[mpoverlay]Real women have posted images of themselves in ‘fatkinis’ as a retaliation against society’s obsession with super-slim summer bodies.
In an age where Victoria’s Secret models are viewed as an ideal, 31 women sent in their images to prove otherwise.
Gabi Gregg, a writer for xojane.com, posted a request for the images, to inspire women with similar bodies as her own (a U.S. size 18) to feel good about wearing a bikini.
Ms Gregg wrote: ‘Our culture is so obsessed with having a “beach ready bod,” that the mere idea of someone my size in a swimsuit, let alone a bikini, is shocking to most.’
She continued: ‘I know first-hand how inspiring it can be to see people with bodies that look similar to my own feeling confident and happy on the beach in something other than a Hawaiian-print skirted one piece’
The bikini has come to inspire both dread and awe as our culture increasingly enshrines physical perfection through magazine features that encourage women to be bikini-ready for summer, and the constant trolling of other women by women.
Rather than being a statement about health, which it could have easily turned into, the gallery appears to be an endorsement of diversity, and an statement that no one particular size or shape of woman has a monopoly on being considered attractive or even ‘normal’.

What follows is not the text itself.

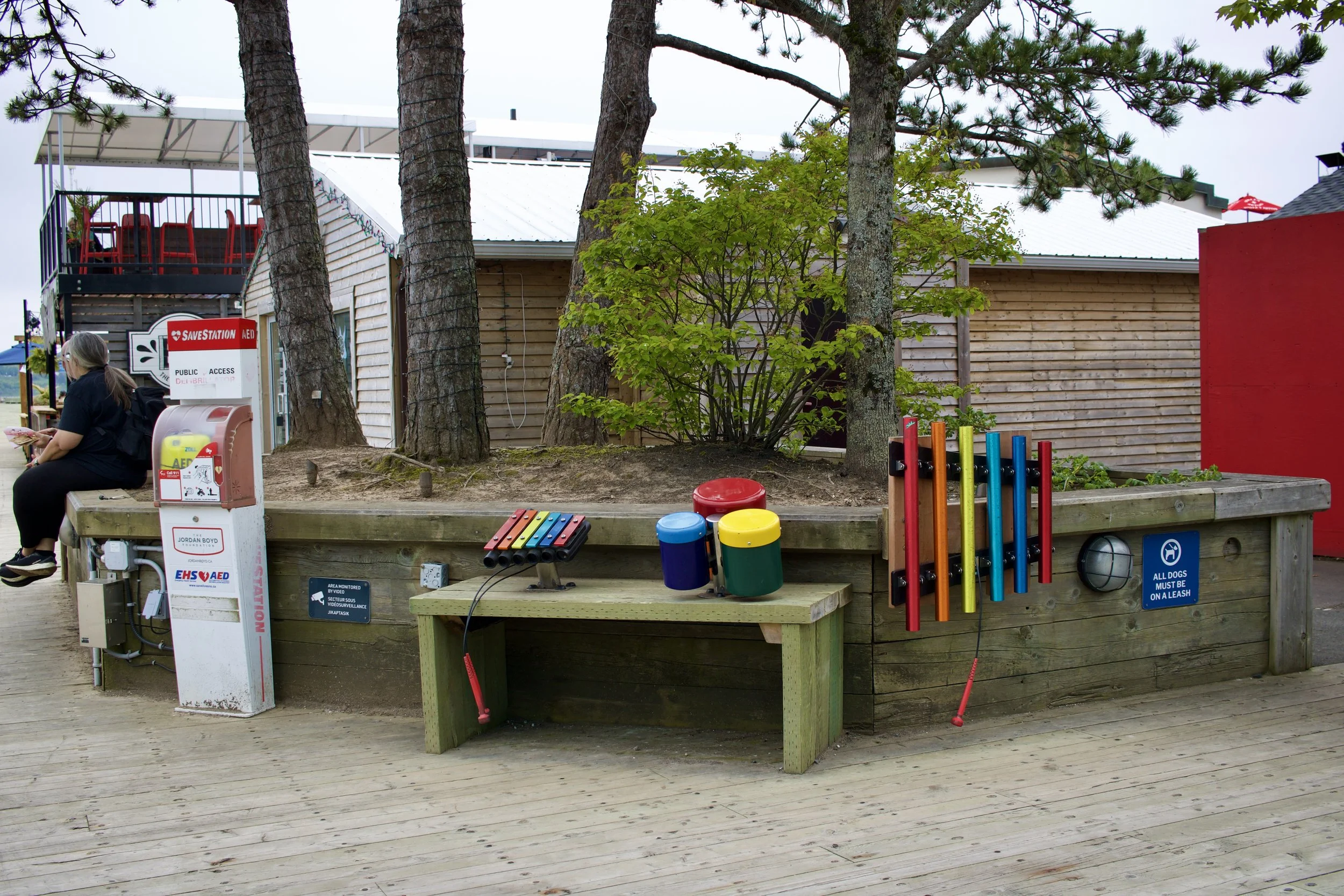 Colourful instrument installation along waterfront path (photo taken by Nicole Roach in Halifax, Nova Scotia).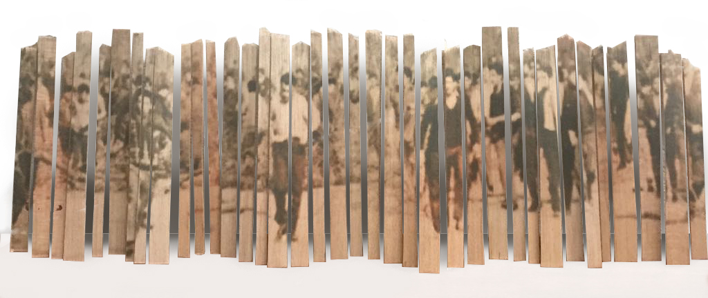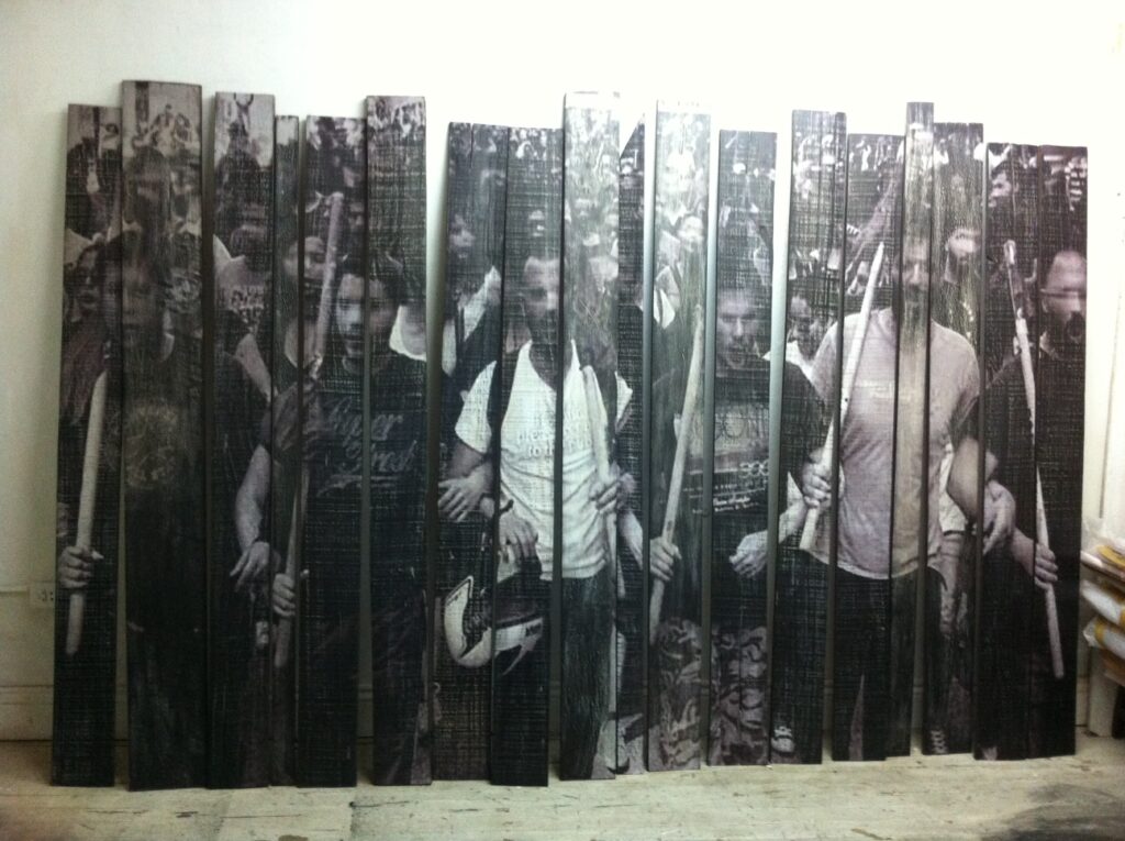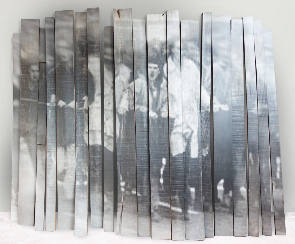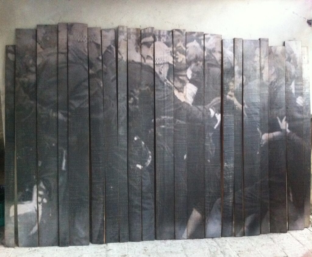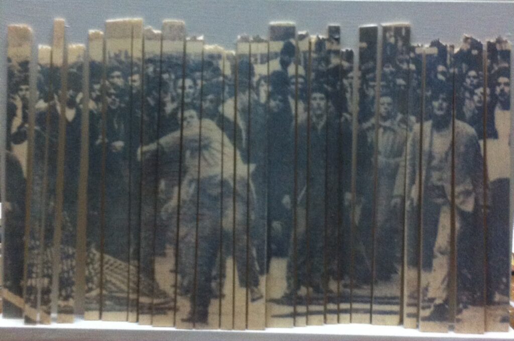 Sin embargo, la relación que Sacco establece con las imágenes es diferente, pues algunas de sus estrategias creativas, como apropiar imágenes de prensa o de dominio público y ponerlas nuevamente a circular sin hacer explícito el contexto original y los créditos de sus fuentes, generan preguntas sobre la vigencia de la noción de autoría en medio de una sociedad dominada por los medios de comunicación (Garavelli, 2002), de modo que el valor “documental” de la imagen de origen fotográfico (su especificidad contextual), que resultaba fundamental en el uso de fotografías para los antecedentes señalados atrás (Taller 4 Rojo y Tucumán Arde), es parcialmente desplazado. A diferencia de lo sucedido en el proceso de Tucumán Arde, Graciela Sacco no se interesa por componer un gran fondo documental de fuentes visuales que sirvan para registrar el transcurso de una situación particular; más bien, su uso de imágenes con origen fotográfico se limita a un pequeño conjunto de motivos reiterados en distintos formatos y materiales para componer diversas piezas, articuladas por la transferencia fotográfica de estas imágenes a otras superficies y dispuestas en salas o espacios públicos, donde, ante todo, procuran confrontar la experiencia del espectador.

The women featured in the gallery look vibrant and confident, regardless of their body-shapes or sizes.
While the writer and fashion blogger has received a wave of support from readers who applaud her confidence, some have been quick to judge.
There have been comments that Ms Gregg isn’t ‘flabby’ enough to be self-conscious, and her ‘toned, hourglass-shaped’ body makes it easier for her to put a picture of herself online.
Another commenter wrote: ‘I will be the combo breaker cause the sugar coating sometimes needs to stop. Sure you can love your body and flaunt it proudly, but objectively some girls needs to realize when an outfit just DOESN’T GO WITH YOUR BODY TYPE. Sometimes it just doesn’t fit right. Sorry, but it’s just how fashion goes, for thick and thin bodies.’
Ms Gregg, who posted the article today, tweeted earlier: ‘Already annoyed by the xojane comments. and I know they’re only going to get worse as the general public finds the article.’
Of her own body, Ms Gregg said: ‘I do acknowledge that I have some level of body privilege (but um, for the record: I totally have flab, stretch marks and cellulite, you just can’t see it in the photos I posted due to the high waisted bottoms and the distance of the shots).’
She added: “Hopefully this gallery, which features lots of body diversity, proves that it’s not only “toned” fat girls who can feel confident hitting the beach in a two piece.”